Bug 215217

Summary: Kernel fails to boot at an early stage when built with GCC_PLUGIN_LATENT_ENTROPY=y (PowerMac G4 3,6)
Product: Platform Specific/Hardware Reporter: Erhard F. (erhard_f)
Component: PPC-32Assignee: platform_ppc-32
Status: RESOLVED CODE_FIX    
Severity: normal CC: christophe.leroy, michael
Priority: P1    
Hardware: PPC-32   
OS: Linux   
Kernel Version: 5.16-rc3 Subsystem:
Regression: No Bisected commit-id:
Attachments: kernel .config (5.16-rc3, PowerMac G4 DP)
kernel .config (4.18.20, PowerMac G4 DP)
kernel .config (5.16-rc4 + CFLAGS_setup_32.o +=... , PowerMac G4 DP)
kernel zImage (5.16-rc5 + CFLAGS_setup_32.o/early_32.o +=... , PowerMac G4 DP)
kernel vmlinux.xz (5.16-rc5 + CFLAGS_setup_32.o/early_32.o +=... , PowerMac G4 DP)

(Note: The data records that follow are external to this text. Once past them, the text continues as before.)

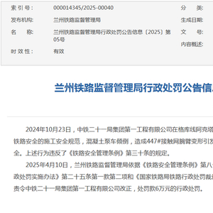 2025年4月10日,兰州铁路监督管理局依据《铁路安全管理条例》第八十九条第一款、《违反〈铁路安全管理条例〉行政处罚实施办法》第二十五条第一款第二项和《国家铁路局铁路行政处罚裁量权基准》附件第二类第15条较重阶次的规定,责令中铁二十一局集团第一工程有限公司改正,处罚款6万元的行政处罚。
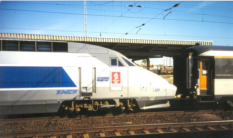 Noch ein Blick auf den TGV am 8. 7. 1991 in Berlin-Schönefeld (Flughafen)
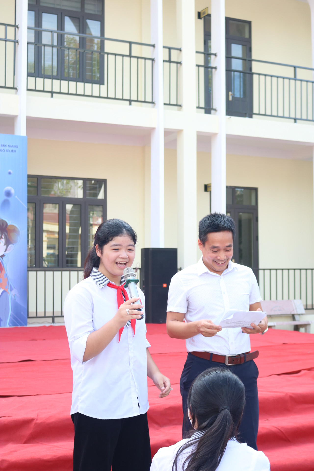 Cô bạn Hoàng Gia Hân (lớp 8A4) giành được một phần quà ở phần mini game và cũng là bạn ấy mạnh dạn giơ tay mang về tiếp một phần quà nữa ở phần giao lưu cùng thầy Trọng Tùng. Gia Hân là teen có trong tay nhiều quà nhất ngày thứ Hai của trường THCS Ngô Sĩ Liên, cũng là "anh hùng" trong mắt hội bạn "hướng nội", biết đáp án mà sợ run nói sai nên "khum" dám xung phong trả lời.
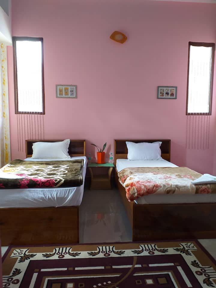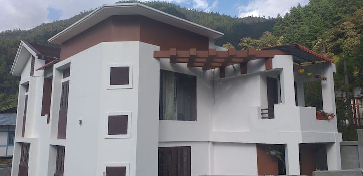 Mala privatna obiteljska kuća okružena vrtom s kivijem. To je domaćin koji živi u smještaju, a nalazi se u mirnom mjestu u malom gradu, Dirang.
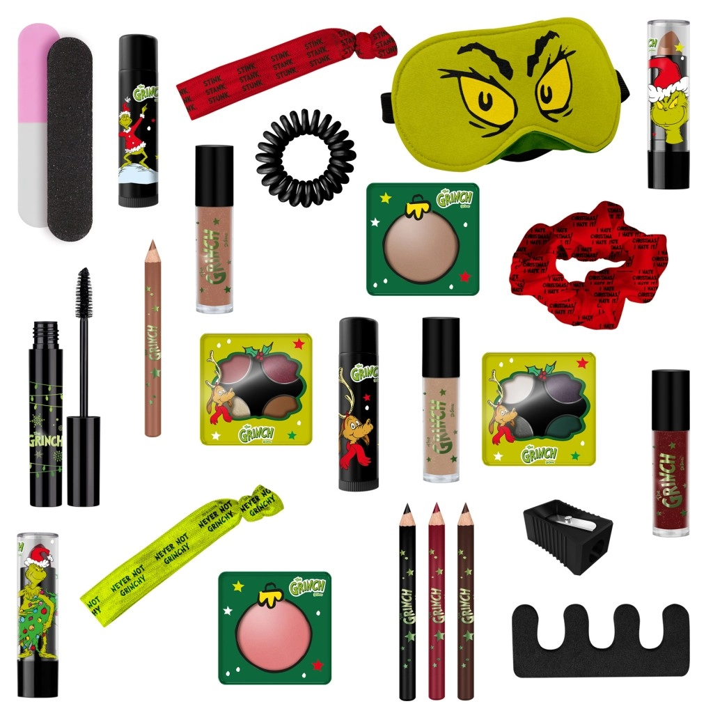 Ovaj razigrani adventski kalendar nadahnut likom GRINCH skriva 24 prozorčića punih kozmetike i dodataka. Svaki dan kreirajte drukčiji make-up – od prirodnog do izraženih blagdanskih lookova. Zahvaljujući raznolikom izboru proizvoda lako ćete urediti obrve, oči, usne i nokte te ih upotpuniti praktičnim pomagalima za svakodnevnu njegu.
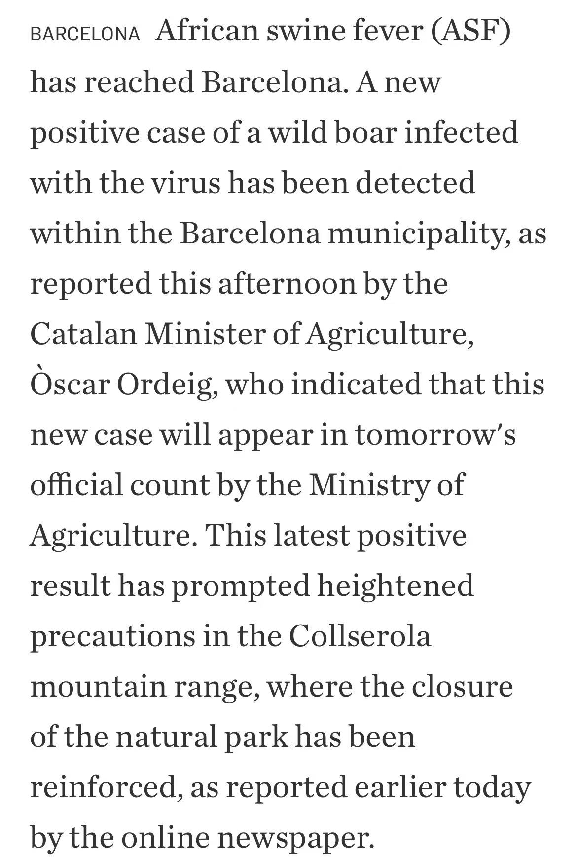 据外媒消息:非洲猪瘟已抵达巴塞罗那市区。
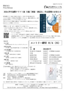 内容2026 伊丹国際クラフト展 主題『酒器・酒盃台』作品募集のお知らせ詳しくはウェブサイト(https://itami-im.jp/craftexhibition/)ご覧ください入選作品展は2026年11月14日(土)~12月20日(日)
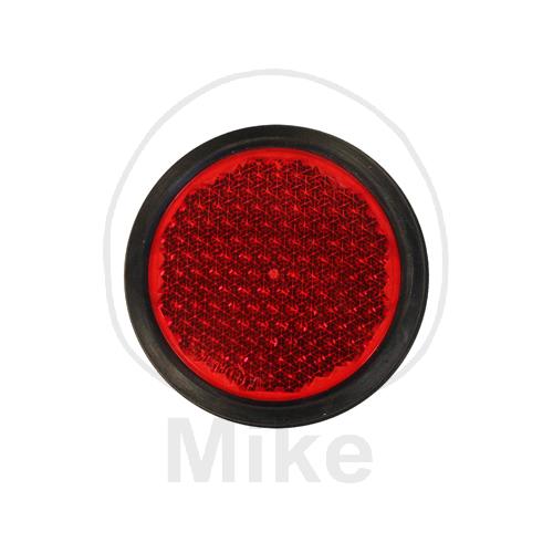 Runder Rückstrahler, rot Alu-Gehäuse mit Gummi-Mantel. Mit 1 Schraube M 5. Typ: RMG 08 Reflektor-Ø: 75 mm Gehäuse-Ø: 90 mm Verpackungseinheit: 20
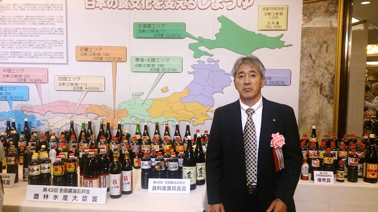 「醤油の日」を記念して10月1日に開催された「醤油の日の集い」(東京・ロイヤルパークホテル)において、「第43回全国醤油品評会」(主催:日本醤油協会(会長濱口道雄)、協力:一般財団法人日本醤油技術センター、後援:農林水産省)の表彰式が開催され、「農林水産大臣賞」「食料産業局長賞」「優秀賞」の各賞の発表・表彰が行われました。
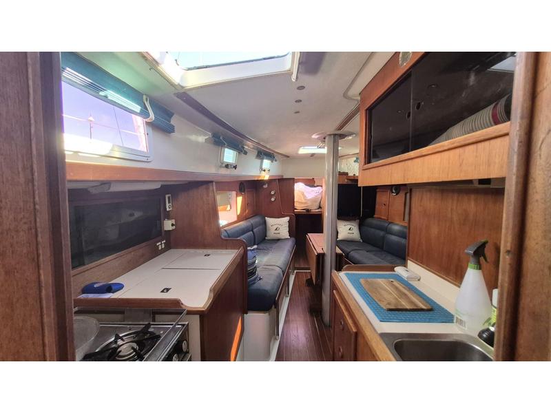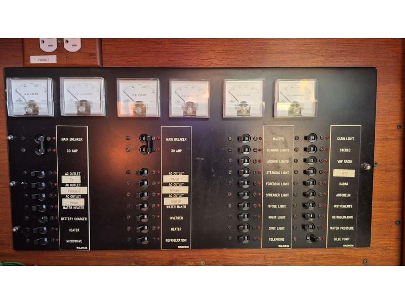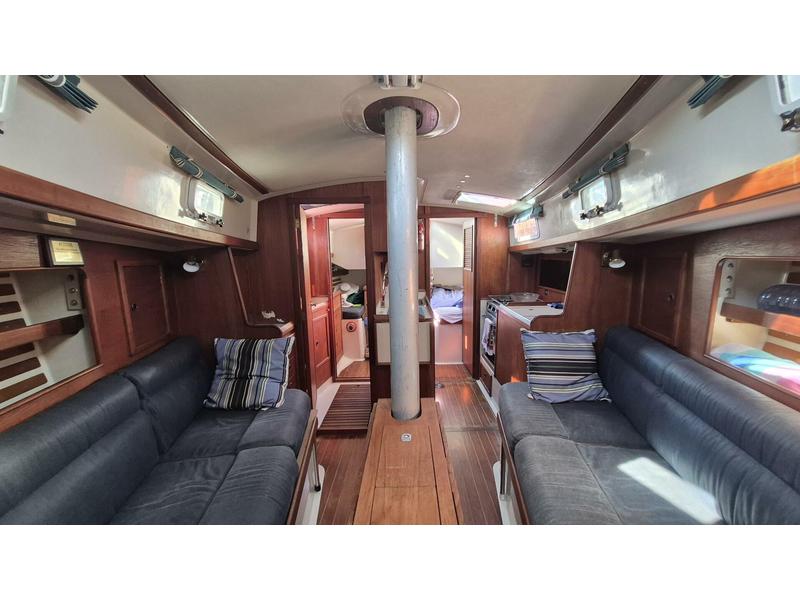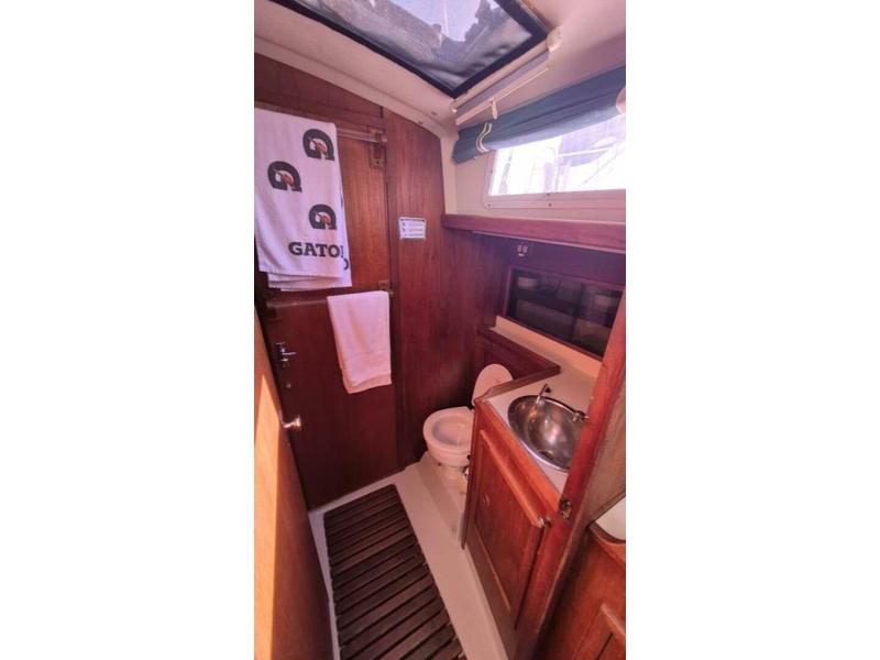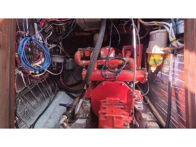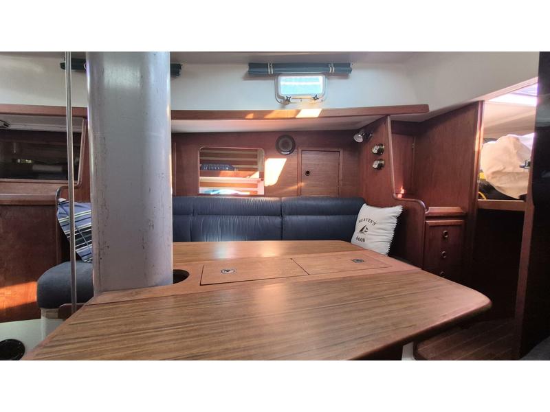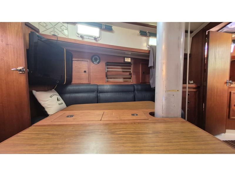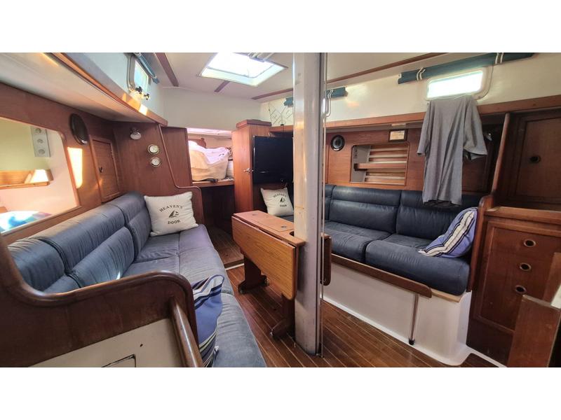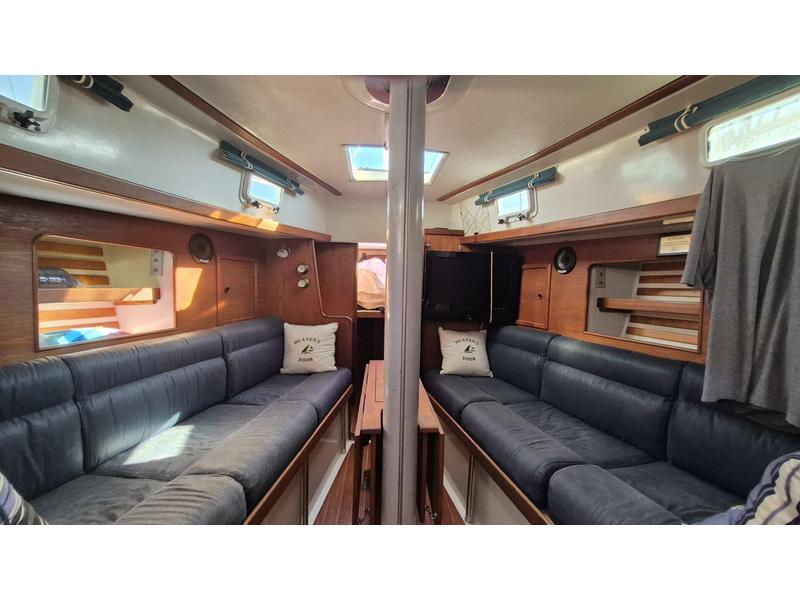 Accommodations: Bright and well-ventilated interior with 64 headroom throughout Forward V-berth with privacy door and ample storage Large main salon with opposing settees (convertible to additional berths) and centerline dining table Starboard-side navigation station with full-size chart table and electronics space Aft quarter berth (can also serve as storage, workshop, or equipment bay) Numerous opening ports and deck hatches for airflow Warm wood finish and classic teak trim throughout

Description Erhard F. 2021-12-04 22:48:03 UTC
Created attachment 299871 [details]
kernel .config (5.16-rc3, PowerMac G4 DP)

Get this on my PowerMac G4 DP when I build a kernel with GCC_PLUGIN_LATENT_ENTROPY=y. The kernel gets decompressed but shortly afterwards the machine freezes, displaying in black letters on an entirely white screen:

done
found display   : /pci@f0000000/ATY,AlteracParent@10/ATY,Alterac_B@1, opening...

Same kernel config built without GCC_PLUGIN_LATENT_ENTROPY just boots fine. Happens on v5.15.5 and v5.16-rc3. I did not test other kernel versions yet.

My Talos II (Power9) on the other hand just works fine with a GCC_PLUGIN_LATENT_ENTROPY=y built kernel.
Comment 1 Christophe Leroy 2021-12-05 08:08:15 UTC
POWER9 doesn't have KASAN.

Did you try G4 without KASAN ?
Comment 2 Erhard F. 2021-12-05 09:51:03 UTC
Just rebuilt the kernel without KASAN but I still hit this bug.
Comment 3 Christophe Leroy 2021-12-05 17:48:18 UTC
I tried your config under QEMU and it works. So I don't know how I could help.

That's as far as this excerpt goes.